FIG. 17 is a diagram showing a relation between a valve opening angle and spring support position according to the tenth embodiment of this invention.

FIG. 18 is similar to FIG. 17, but showing an eleventh embodiment of this invention.

FIG. 19 is a schematic diagram of a valve according to a twelfth embodiment of this invention.

FIG. 20 is similar to FIG. 19, but showing the valve at an opening angle θ1.

FIG. 21 is similar to FIG. 19, but showing the valve at an opening angle θ2.

FIG. 22 is similar to FIG. 2, but showing a thirteenth embodiment of this invention.

FIG. 23 is a cross-sectional view of a cam and spring according to the thirteenth embodiment of this invention, taken along a line 23--23 in FIG. 22.

FIG. 24 is similar to FIG. 1, but showing a fourteenth embodiment of this invention.

DESCRIPTION OF THE PREFERRED EMBODIMENTS

Referring to FIG. 1 of the drawings, a muffler 1 is connected to an engine exhaust inlet tube 9 and tail tubes 12, 13 for discharging exhaust gas that has passed through the muffler 1.

The muffler 1 has an elliptical cross-section as shown in FIG. 2.

The interior of the muffler 1 is partitioned into chambers 4, 3, 2 and 5 by means of baffle plates 6, 7 and 8.
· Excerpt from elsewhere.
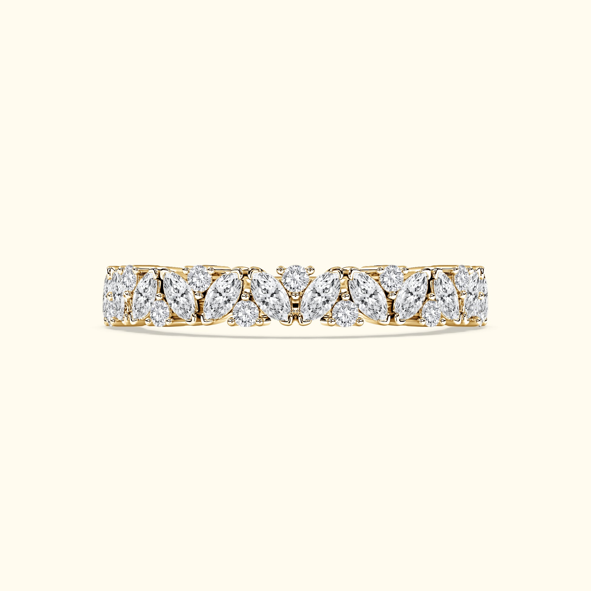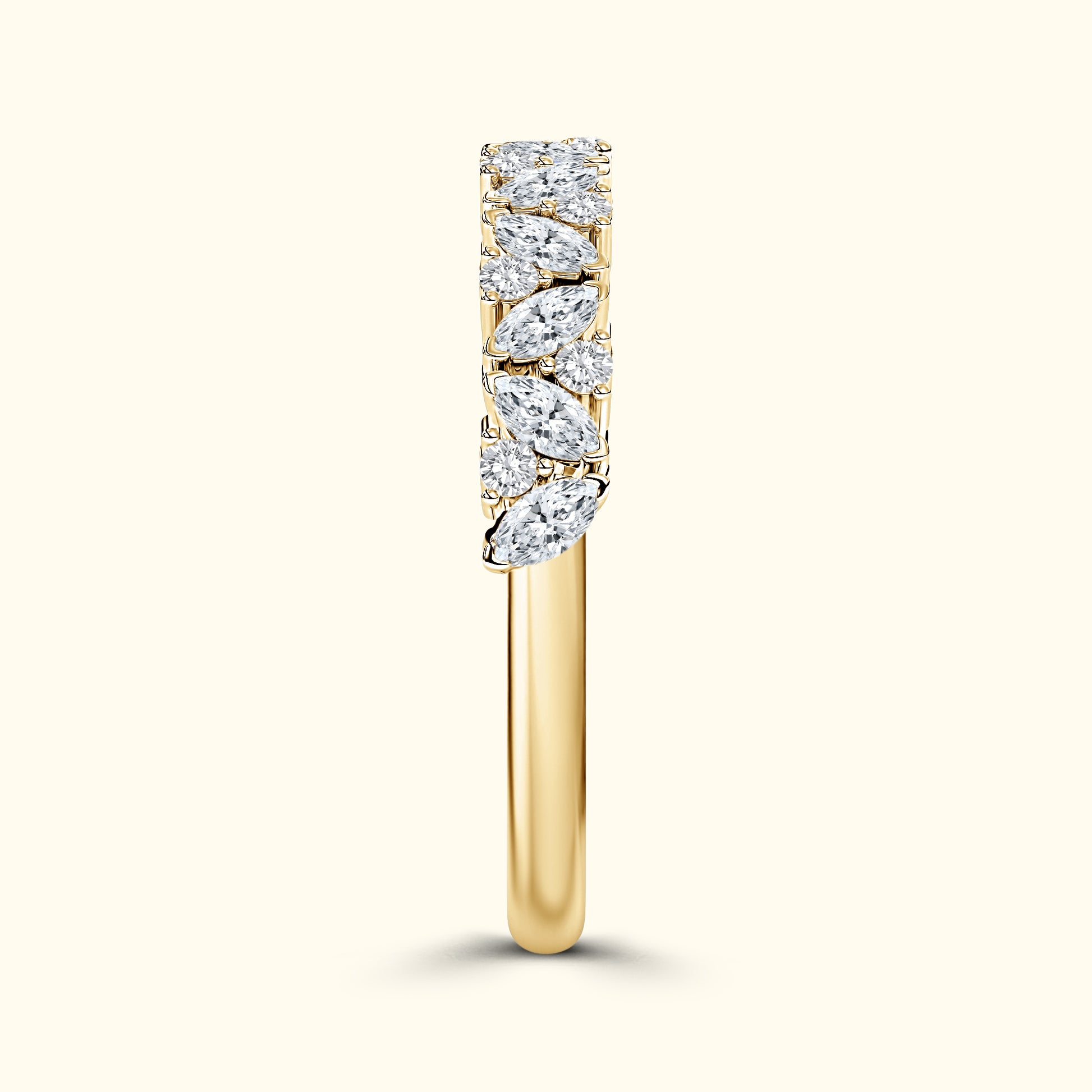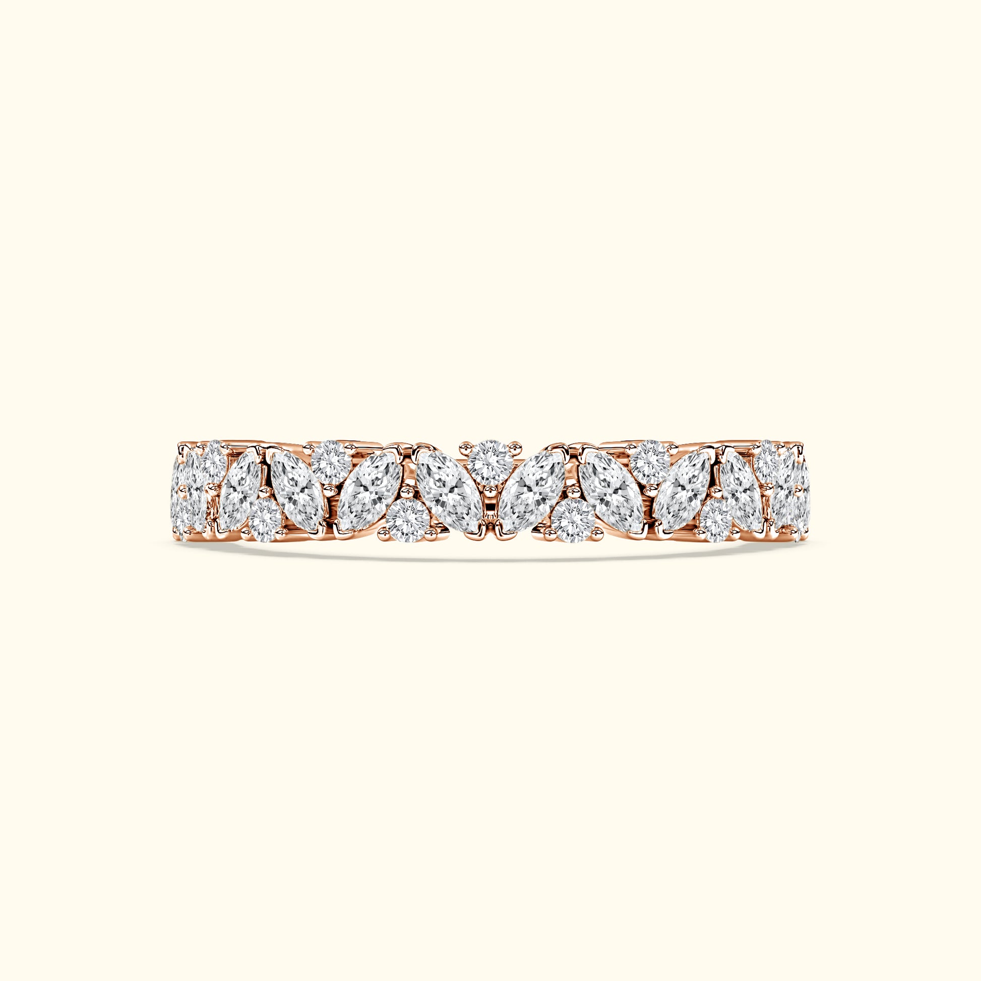 This layered wedding band features marquise and round diamonds totaling 1.50 carats, creating a sparkling, textured design that pairs beautifully with an engagement ring.

The inlet tube 9 passes through the chambers 4 and 3, and leads engine exhaust gas to the chamber 2.

The chambers 2 and 3 are connected together via a tube 10 that passes through the baffle plate 6. Likewise, the chambers 3 and 4 are connected via a tube 12 that passes through the baffle plate 7. The chambers 2, 3 and 4 each have a predetermined capacity required to reduce low frequency noise due to exhaust in the low engine speed region.

The tail tube 12 passes through the chambers 2,3 and 5, one end of the tube 12 being open to the chamber 4 and the other end being open to the atmosphere outside the muffler 1. The tail tube 12 is of such a diameter and length as is required to reduce exhaust noise in the low engine speed region.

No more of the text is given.